━━━━━ Information shown ━━━━━

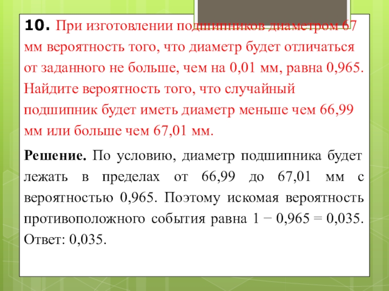 Решение. По условию, диаметр подшипника будет лежать в пределах от 66,99 до 67,01 мм с вероятностью 0,965. Поэтому искомая вероятность противоположного события равна 1 − 0,965 = 0,035. Ответ: 0,035.
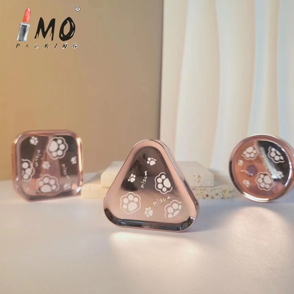 พาเลทอายแชโดว์ขนาดเล็ก5ก. ทรงสี่เหลี่ยมสามเหลี่ยมและกลมมีดีไซน์ตีนแมวบรรจุภัณฑ์เครื่องสำอางสีโรสโกลด์ทันสมัย
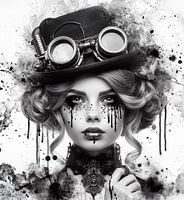 Portret van een mooie vrouw in de stijl van steampunk. In zwart-wit met verfspetters geeft het een bijzondere uitstraling. Het beeld is met behulp van ai gegenereerd.
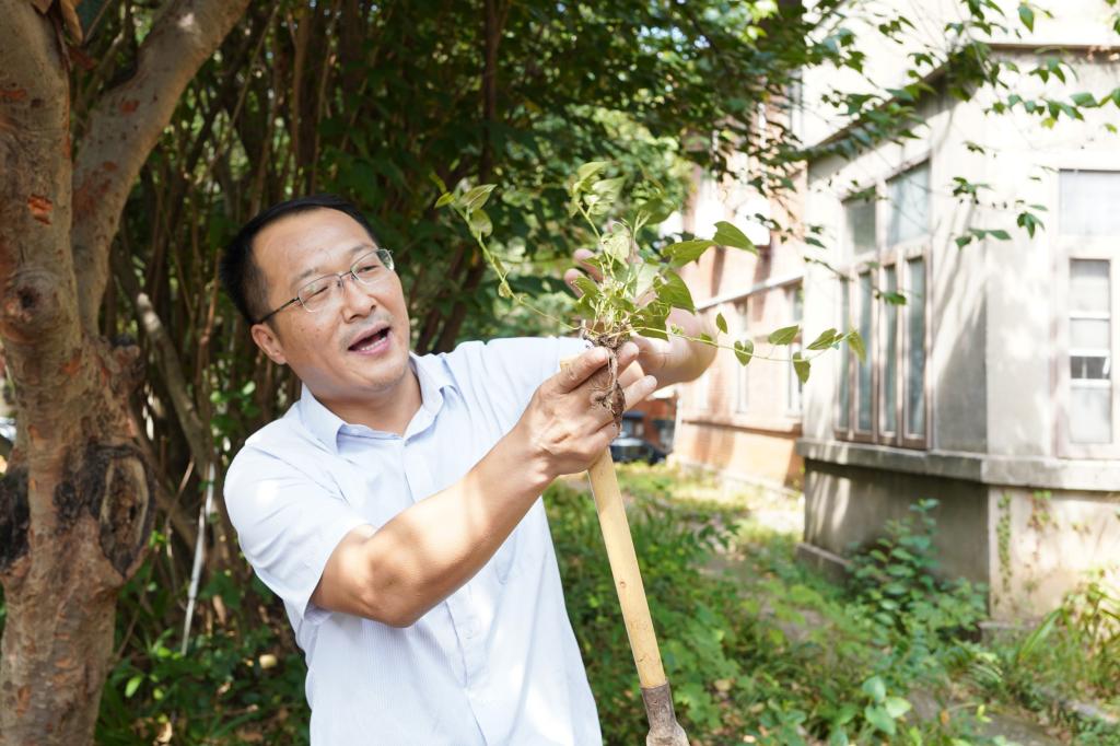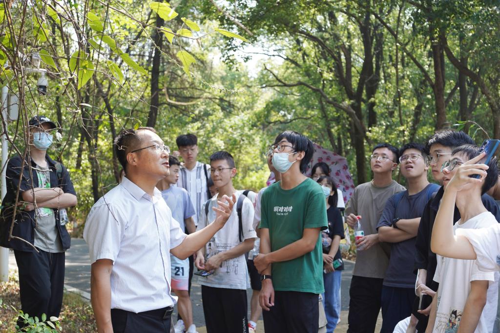 “银杏作为‘活化石’,其叶片和果实有不同的功效。银杏叶活血化瘀,银杏果祛痰止咳。”王德海从校园内常见的植物入手,细致地向同学们介绍道。在狮子山脚下一路走一路看,王德海带领同学们认识了麦冬、何首乌、车前草等随处可见的草药,生动有趣的讲解令人印象深刻。他以枇杷为例,简明扼要地向同学们科普了中药绿色标本制作材料的要求、中药的炮制方法和煎药方法。
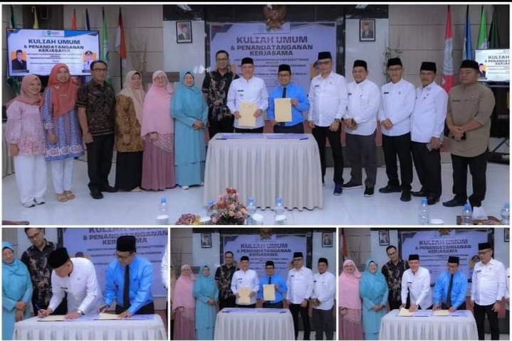 UM Natsir Award Kategori Tokoh Publik Peduli Pendidikan dan Agama diberikan oleh Rektor Universitas Muhammad Natsir kepada Sabar AS Bupati Kabupaten Pasaman setelah memberikan kuliah umum di Kampus tersebut, Jumat (07/6/2024) Aula UM Natsir Bukittinggi.

━━━━━

What you are asked to do.
"พาเลทอายแชโดว์" marks the last line to keep. Retype every line from the start of the entries through that one, exactly, and drop the pictures.

Output for this task.
 Решение. По условию, диаметр подшипника будет лежать в пределах от 66,99 до 67,01 мм с вероятностью 0,965. Поэтому искомая вероятность противоположного события равна 1 − 0,965 = 0,035. Ответ: 0,035.
 พาเลทอายแชโดว์ขนาดเล็ก5ก. ทรงสี่เหลี่ยมสามเหลี่ยมและกลมมีดีไซน์ตีนแมวบรรจุภัณฑ์เครื่องสำอางสีโรสโกลด์ทันสมัย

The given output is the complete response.